• _WHAT TO PRODUCE_: From the very first line of the data to the line containing "Camisa hawaiana para", retype everything exactly, leaving the pictures behind.

---------------

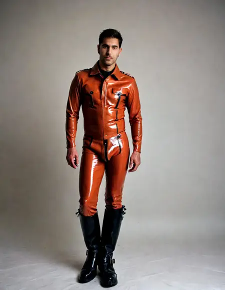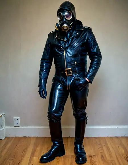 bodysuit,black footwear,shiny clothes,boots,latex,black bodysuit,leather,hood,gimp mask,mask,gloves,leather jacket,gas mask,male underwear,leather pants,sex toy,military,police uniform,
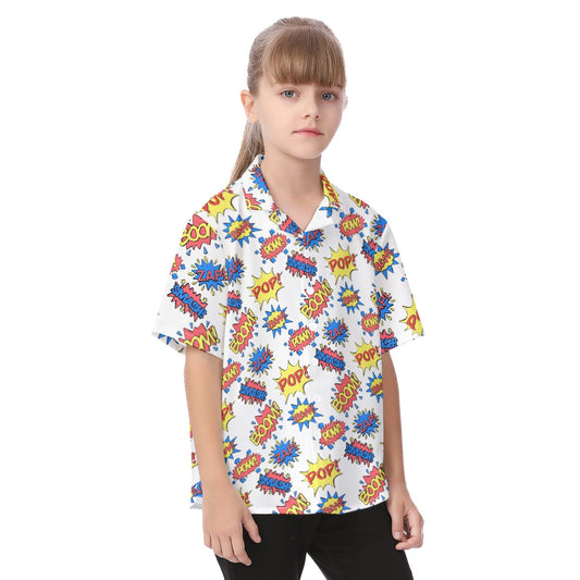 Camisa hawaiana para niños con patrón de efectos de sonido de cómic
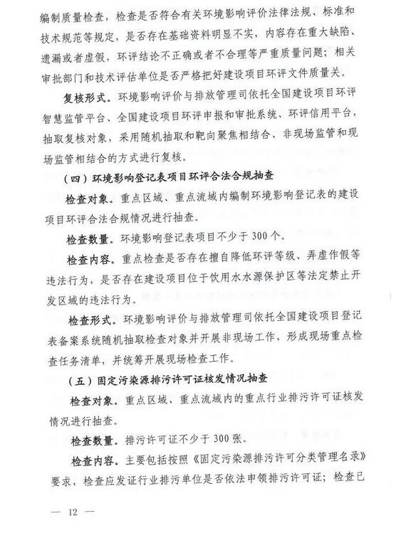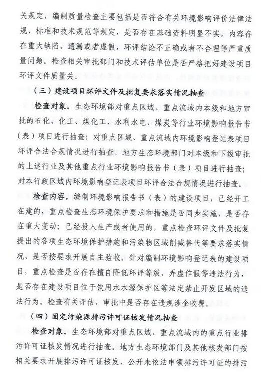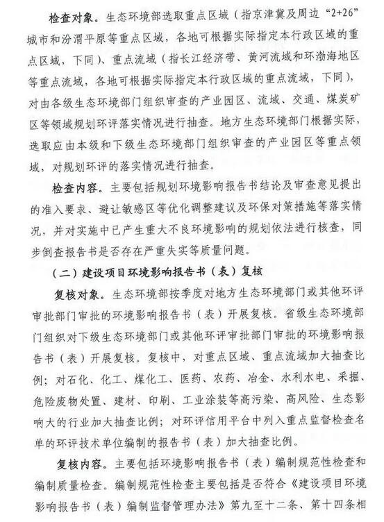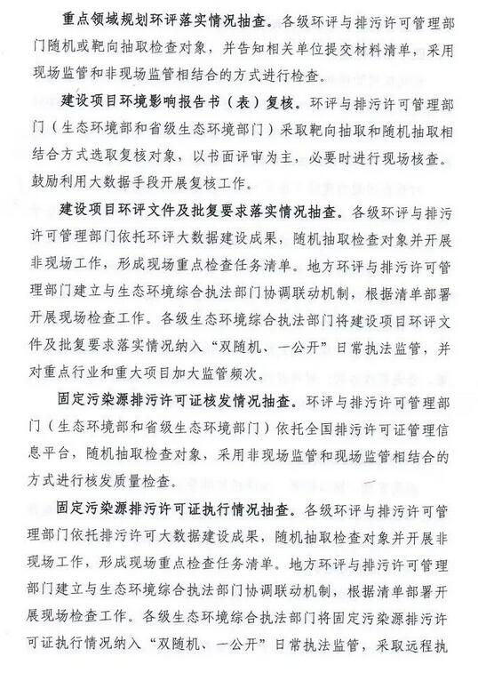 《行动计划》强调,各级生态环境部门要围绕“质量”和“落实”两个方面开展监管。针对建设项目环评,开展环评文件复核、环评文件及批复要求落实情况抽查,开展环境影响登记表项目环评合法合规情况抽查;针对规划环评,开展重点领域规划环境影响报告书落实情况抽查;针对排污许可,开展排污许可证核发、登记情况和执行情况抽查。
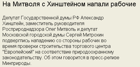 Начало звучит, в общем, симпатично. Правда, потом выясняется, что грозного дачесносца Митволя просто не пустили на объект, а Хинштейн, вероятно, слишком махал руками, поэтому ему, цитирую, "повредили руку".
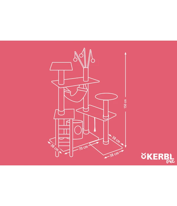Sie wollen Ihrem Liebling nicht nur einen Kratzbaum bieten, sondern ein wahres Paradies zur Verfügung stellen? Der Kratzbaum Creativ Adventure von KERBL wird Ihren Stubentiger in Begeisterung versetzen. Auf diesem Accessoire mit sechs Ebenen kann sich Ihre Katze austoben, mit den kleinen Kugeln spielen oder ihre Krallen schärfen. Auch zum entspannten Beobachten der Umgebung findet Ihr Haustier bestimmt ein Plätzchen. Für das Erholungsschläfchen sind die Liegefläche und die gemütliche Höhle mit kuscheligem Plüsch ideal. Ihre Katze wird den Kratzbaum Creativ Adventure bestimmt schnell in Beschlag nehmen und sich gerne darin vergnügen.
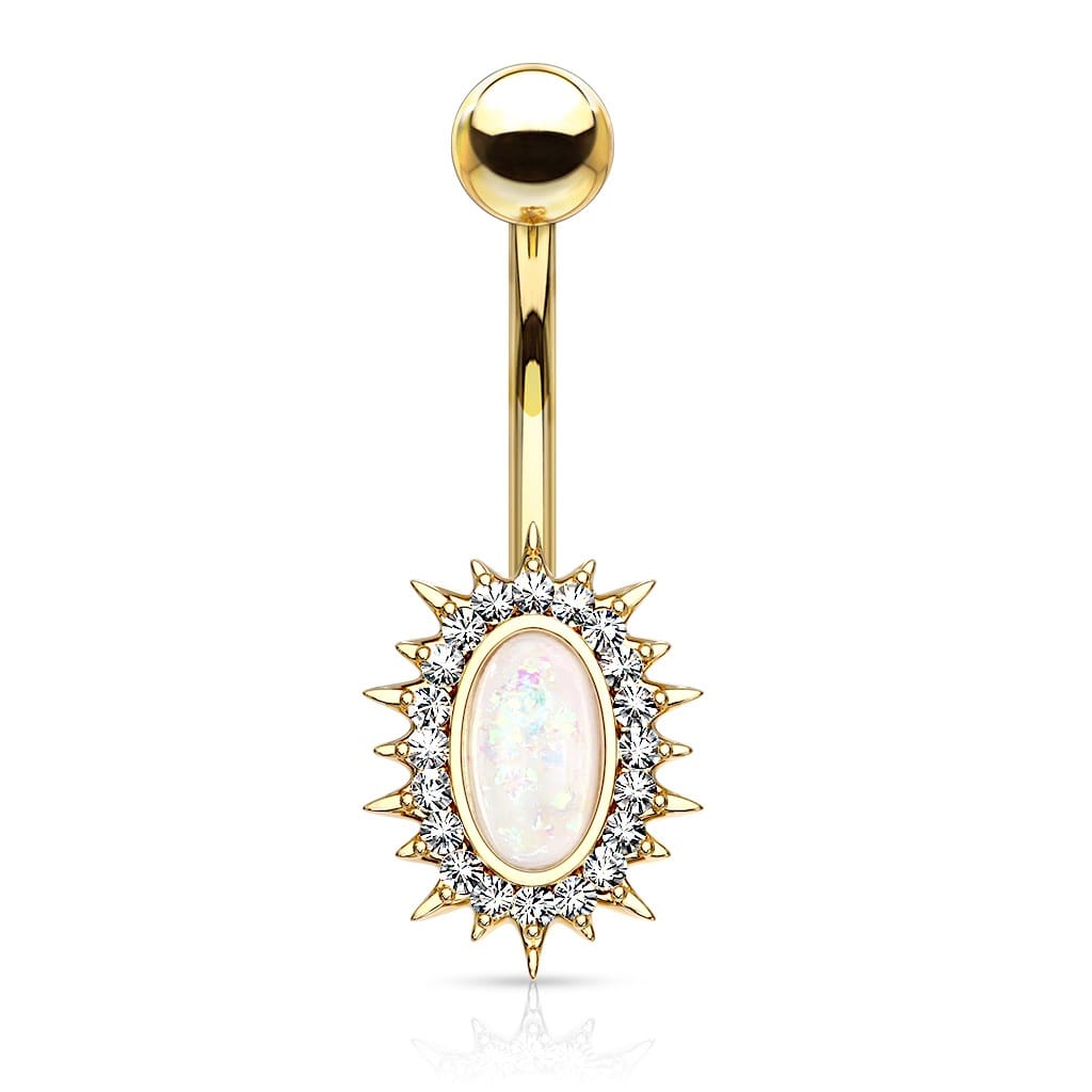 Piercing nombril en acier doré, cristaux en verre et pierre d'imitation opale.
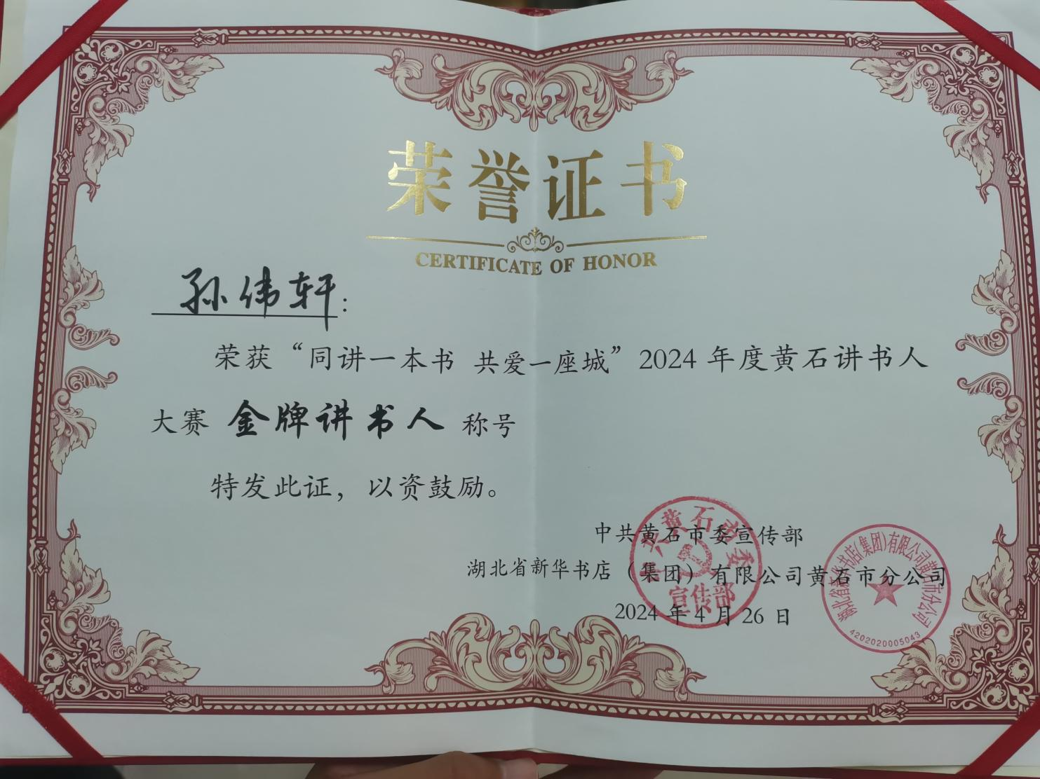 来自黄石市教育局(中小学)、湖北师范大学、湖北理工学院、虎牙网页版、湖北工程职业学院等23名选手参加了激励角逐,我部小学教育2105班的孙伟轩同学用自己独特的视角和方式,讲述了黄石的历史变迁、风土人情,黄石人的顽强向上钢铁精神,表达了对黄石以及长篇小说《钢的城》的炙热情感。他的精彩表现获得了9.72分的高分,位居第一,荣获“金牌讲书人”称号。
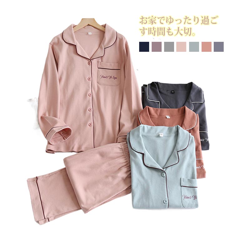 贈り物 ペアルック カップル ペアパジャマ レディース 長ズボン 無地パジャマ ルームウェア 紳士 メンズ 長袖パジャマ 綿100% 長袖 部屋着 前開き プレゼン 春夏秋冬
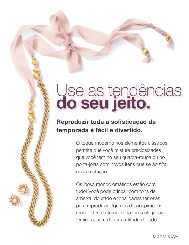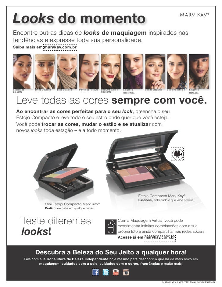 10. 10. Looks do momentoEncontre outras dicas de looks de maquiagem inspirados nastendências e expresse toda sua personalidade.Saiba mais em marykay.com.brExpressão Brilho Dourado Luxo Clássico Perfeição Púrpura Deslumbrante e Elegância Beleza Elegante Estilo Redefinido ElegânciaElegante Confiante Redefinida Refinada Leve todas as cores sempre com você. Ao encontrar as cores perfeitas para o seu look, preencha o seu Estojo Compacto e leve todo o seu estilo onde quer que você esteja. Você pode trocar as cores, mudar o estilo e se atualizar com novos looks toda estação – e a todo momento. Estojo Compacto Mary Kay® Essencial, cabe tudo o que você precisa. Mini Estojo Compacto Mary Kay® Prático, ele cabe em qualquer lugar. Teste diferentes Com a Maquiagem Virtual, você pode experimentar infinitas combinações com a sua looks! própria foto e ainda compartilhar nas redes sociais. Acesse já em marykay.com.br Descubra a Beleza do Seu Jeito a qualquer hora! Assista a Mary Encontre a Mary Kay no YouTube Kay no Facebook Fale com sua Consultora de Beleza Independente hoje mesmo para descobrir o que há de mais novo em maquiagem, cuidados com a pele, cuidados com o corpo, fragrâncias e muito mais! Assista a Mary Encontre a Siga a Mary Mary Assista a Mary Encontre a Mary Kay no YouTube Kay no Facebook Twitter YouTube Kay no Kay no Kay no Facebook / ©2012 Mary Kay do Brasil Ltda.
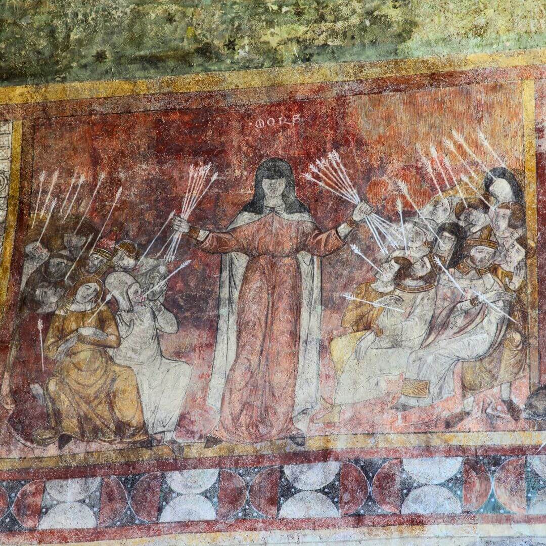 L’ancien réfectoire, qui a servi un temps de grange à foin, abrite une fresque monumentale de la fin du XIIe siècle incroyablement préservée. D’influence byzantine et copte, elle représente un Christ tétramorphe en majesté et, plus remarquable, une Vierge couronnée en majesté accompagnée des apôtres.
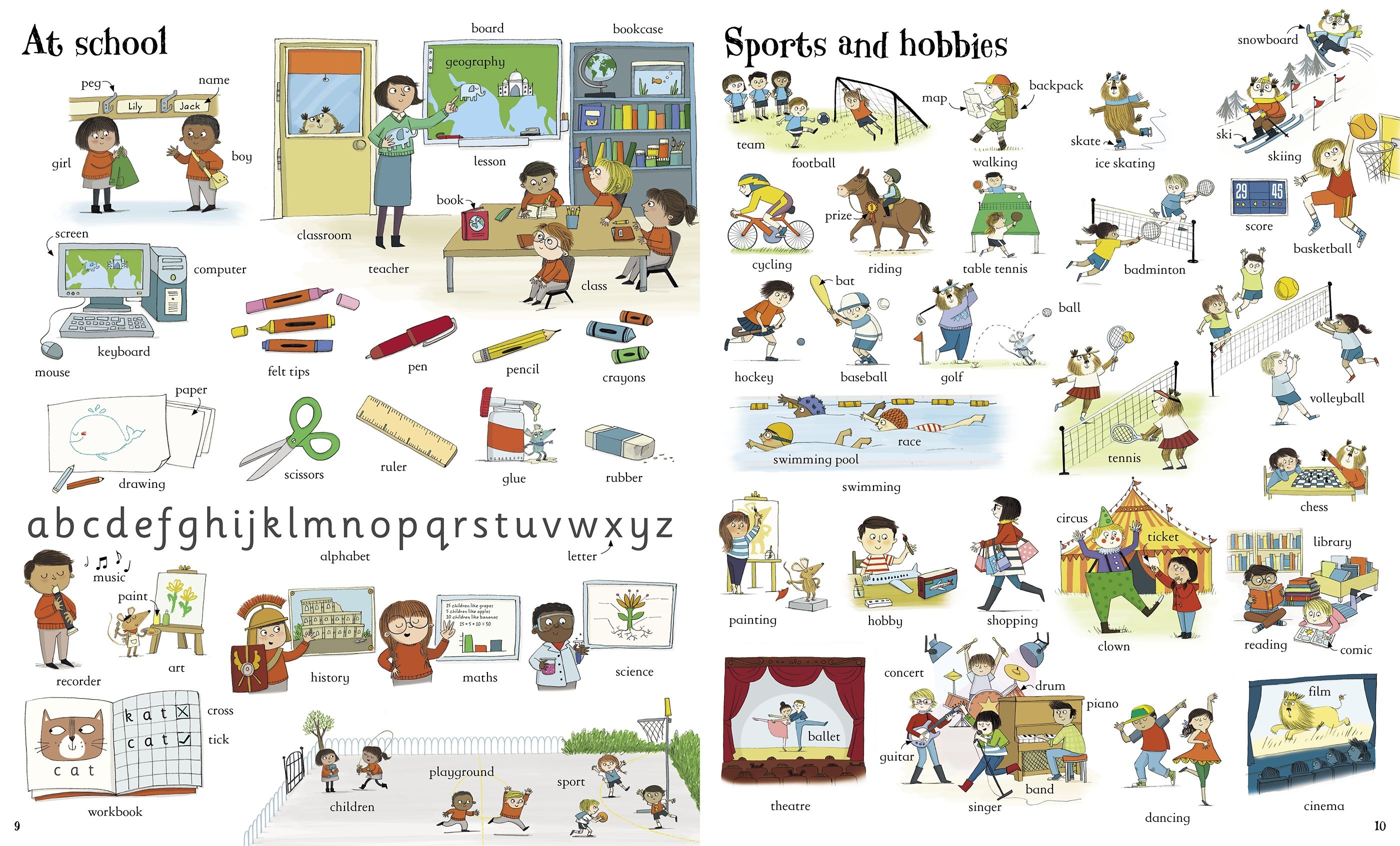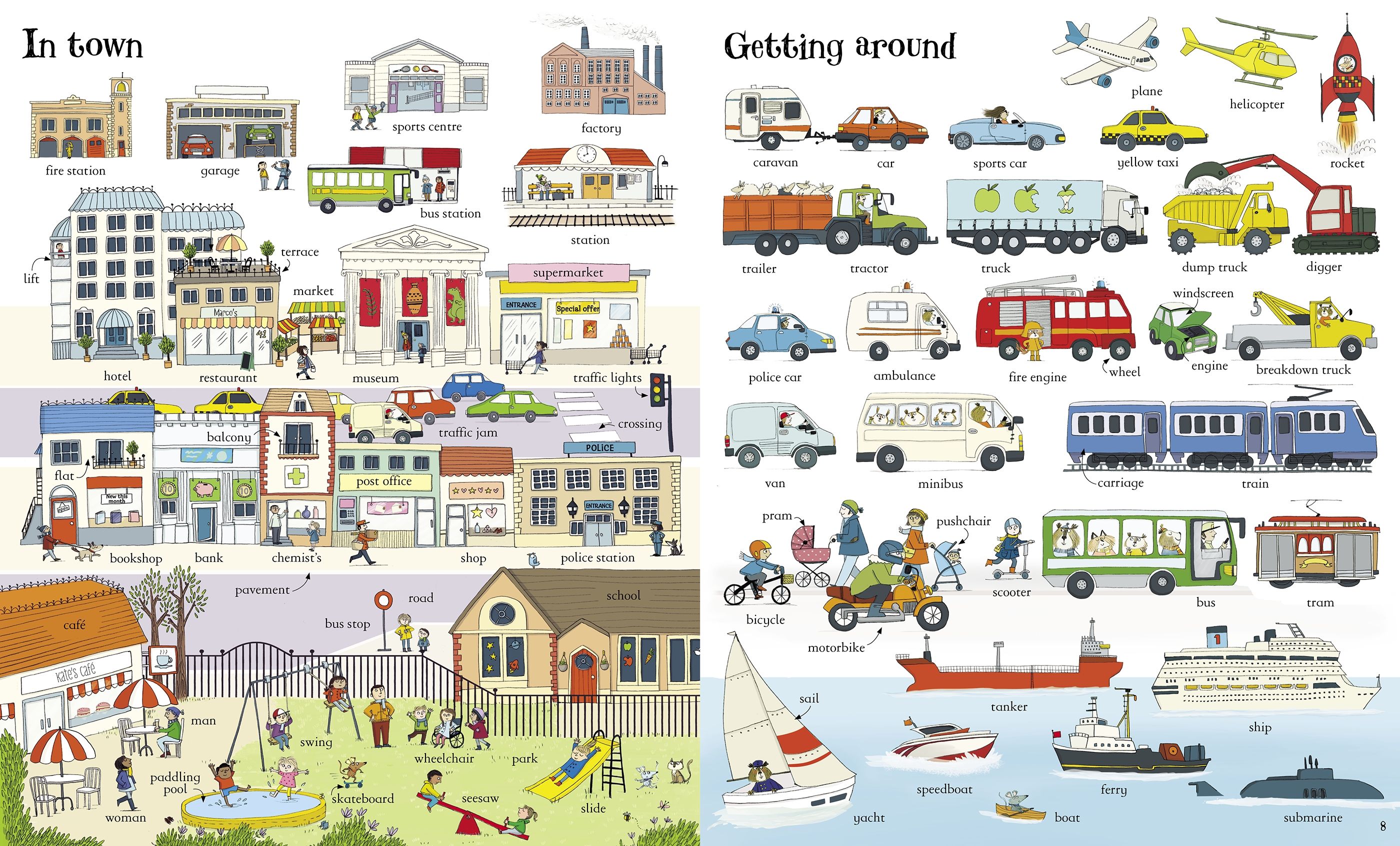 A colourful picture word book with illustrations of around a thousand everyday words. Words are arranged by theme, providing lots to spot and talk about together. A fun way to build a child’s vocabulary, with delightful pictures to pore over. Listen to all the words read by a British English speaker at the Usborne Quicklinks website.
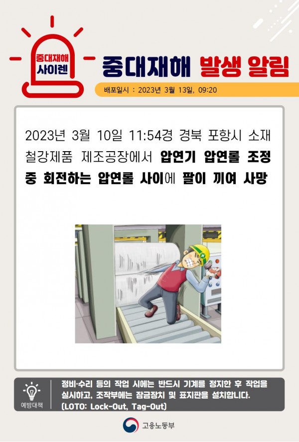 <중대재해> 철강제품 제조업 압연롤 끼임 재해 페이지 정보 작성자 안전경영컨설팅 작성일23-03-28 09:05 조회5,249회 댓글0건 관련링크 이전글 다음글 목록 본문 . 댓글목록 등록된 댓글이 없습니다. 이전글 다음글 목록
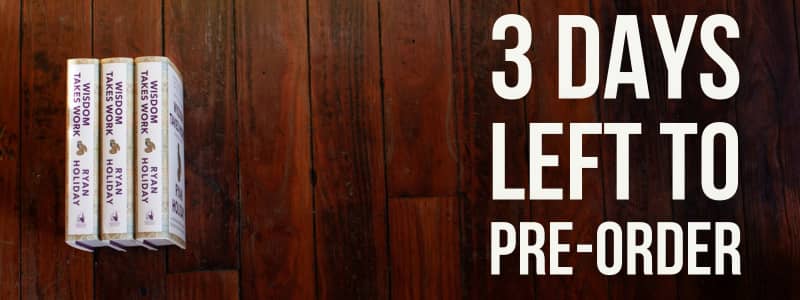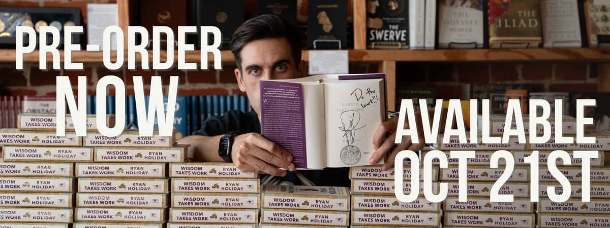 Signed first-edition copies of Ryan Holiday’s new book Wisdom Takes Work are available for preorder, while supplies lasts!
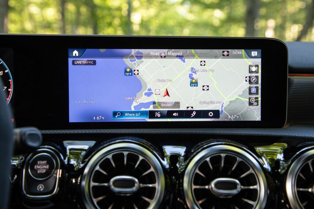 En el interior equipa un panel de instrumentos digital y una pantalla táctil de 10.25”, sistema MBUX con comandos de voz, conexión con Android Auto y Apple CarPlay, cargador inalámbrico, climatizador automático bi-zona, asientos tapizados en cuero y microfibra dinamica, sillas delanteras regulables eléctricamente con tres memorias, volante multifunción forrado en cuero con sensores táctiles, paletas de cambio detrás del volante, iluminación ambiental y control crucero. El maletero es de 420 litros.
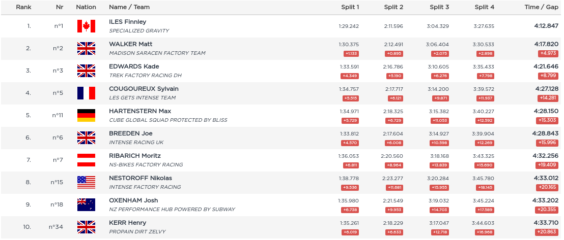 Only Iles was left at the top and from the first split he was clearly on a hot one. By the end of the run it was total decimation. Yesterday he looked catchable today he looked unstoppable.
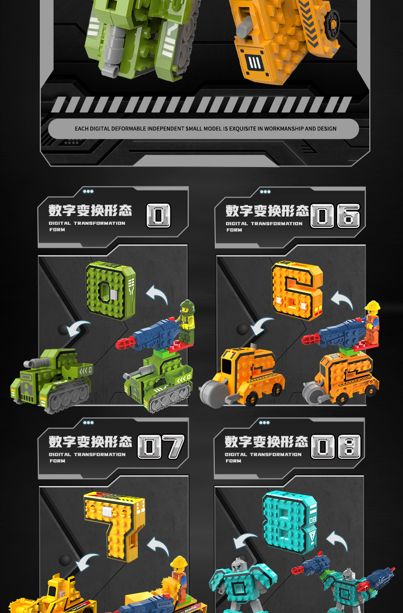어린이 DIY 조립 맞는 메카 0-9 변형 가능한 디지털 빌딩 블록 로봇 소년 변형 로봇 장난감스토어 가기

---------------

• _RESPONSE TO THE EXERCISE_:
 bodysuit,black footwear,shiny clothes,boots,latex,black bodysuit,leather,hood,gimp mask,mask,gloves,leather jacket,gas mask,male underwear,leather pants,sex toy,military,police uniform,
 Camisa hawaiana para niños con patrón de efectos de sonido de cómic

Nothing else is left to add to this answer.